*TRY IT:* Would you write out the entries that follow word for word, omitting any images?

*RAW DATA:*
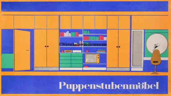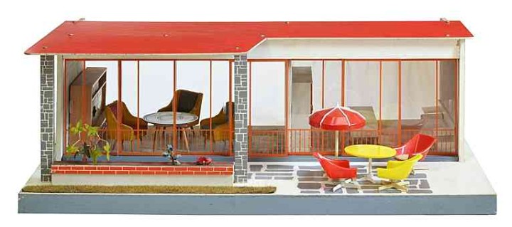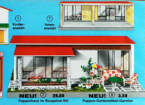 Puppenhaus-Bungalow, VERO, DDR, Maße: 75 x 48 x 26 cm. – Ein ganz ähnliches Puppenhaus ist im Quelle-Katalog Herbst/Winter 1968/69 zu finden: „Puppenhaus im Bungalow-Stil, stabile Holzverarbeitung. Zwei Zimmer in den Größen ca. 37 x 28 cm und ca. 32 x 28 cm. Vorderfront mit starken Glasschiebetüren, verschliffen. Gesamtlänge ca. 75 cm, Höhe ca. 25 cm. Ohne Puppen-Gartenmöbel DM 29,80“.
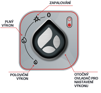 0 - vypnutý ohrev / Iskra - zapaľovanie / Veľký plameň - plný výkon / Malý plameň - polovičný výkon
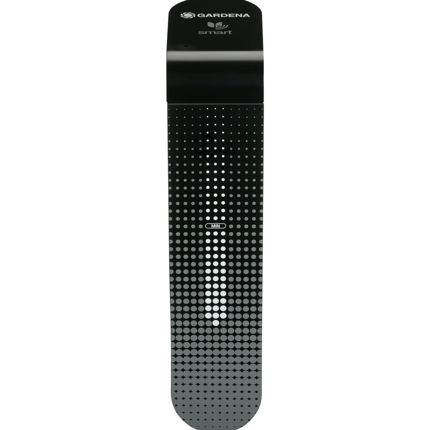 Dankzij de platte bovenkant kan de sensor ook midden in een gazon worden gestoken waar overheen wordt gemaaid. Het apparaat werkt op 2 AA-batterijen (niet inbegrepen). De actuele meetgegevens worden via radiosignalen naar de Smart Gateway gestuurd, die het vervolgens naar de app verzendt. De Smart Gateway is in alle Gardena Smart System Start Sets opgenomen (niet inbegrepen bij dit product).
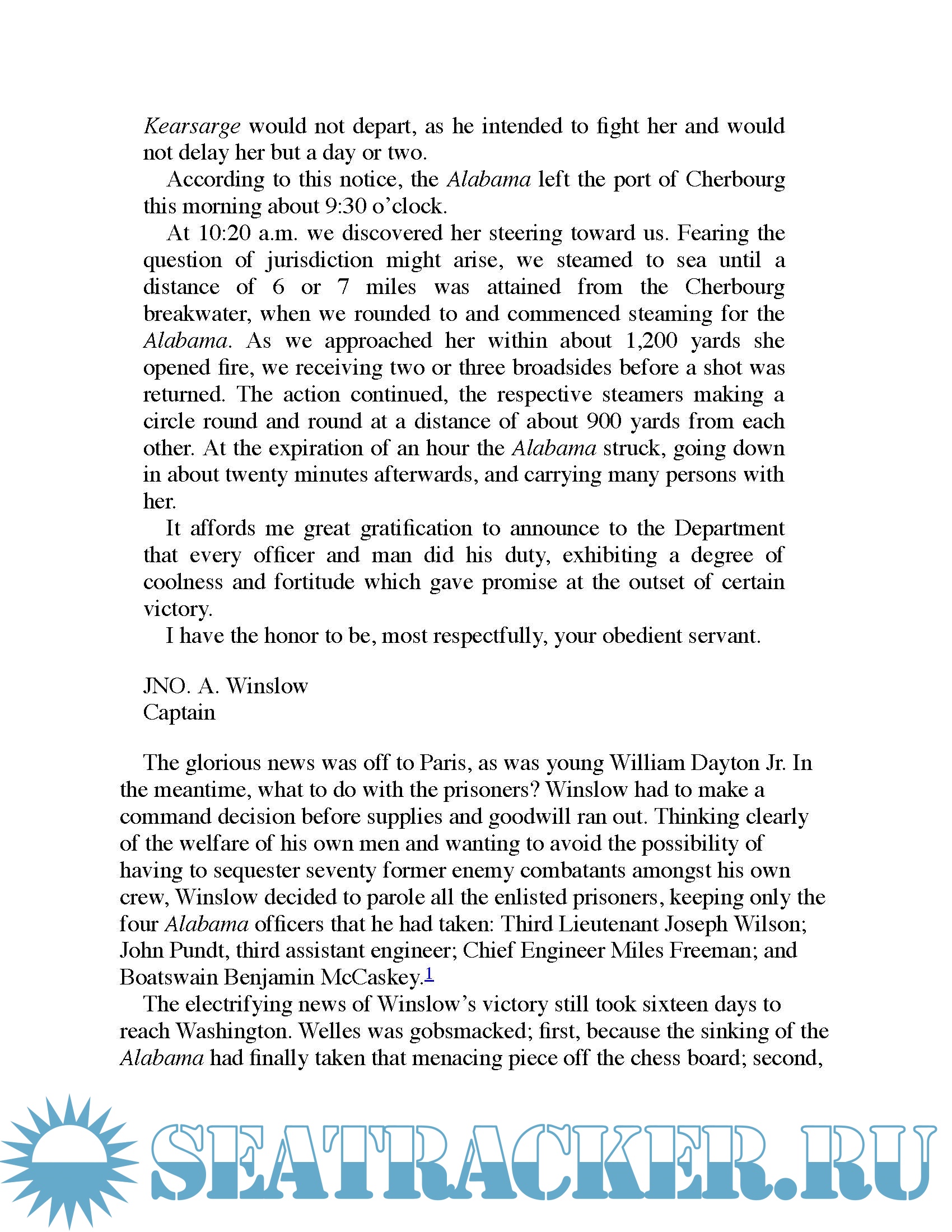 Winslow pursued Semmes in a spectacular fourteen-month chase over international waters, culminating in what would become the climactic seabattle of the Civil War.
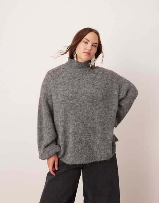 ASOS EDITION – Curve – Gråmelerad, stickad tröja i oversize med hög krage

*RESPONSE:*
 Puppenhaus-Bungalow, VERO, DDR, Maße: 75 x 48 x 26 cm. – Ein ganz ähnliches Puppenhaus ist im Quelle-Katalog Herbst/Winter 1968/69 zu finden: „Puppenhaus im Bungalow-Stil, stabile Holzverarbeitung. Zwei Zimmer in den Größen ca. 37 x 28 cm und ca. 32 x 28 cm. Vorderfront mit starken Glasschiebetüren, verschliffen. Gesamtlänge ca. 75 cm, Höhe ca. 25 cm. Ohne Puppen-Gartenmöbel DM 29,80“.
 0 - vypnutý ohrev / Iskra - zapaľovanie / Veľký plameň - plný výkon / Malý plameň - polovičný výkon
 Dankzij de platte bovenkant kan de sensor ook midden in een gazon worden gestoken waar overheen wordt gemaaid. Het apparaat werkt op 2 AA-batterijen (niet inbegrepen). De actuele meetgegevens worden via radiosignalen naar de Smart Gateway gestuurd, die het vervolgens naar de app verzendt. De Smart Gateway is in alle Gardena Smart System Start Sets opgenomen (niet inbegrepen bij dit product).
 Winslow pursued Semmes in a spectacular fourteen-month chase over international waters, culminating in what would become the climactic seabattle of the Civil War.
 ASOS EDITION – Curve – Gråmelerad, stickad tröja i oversize med hög krage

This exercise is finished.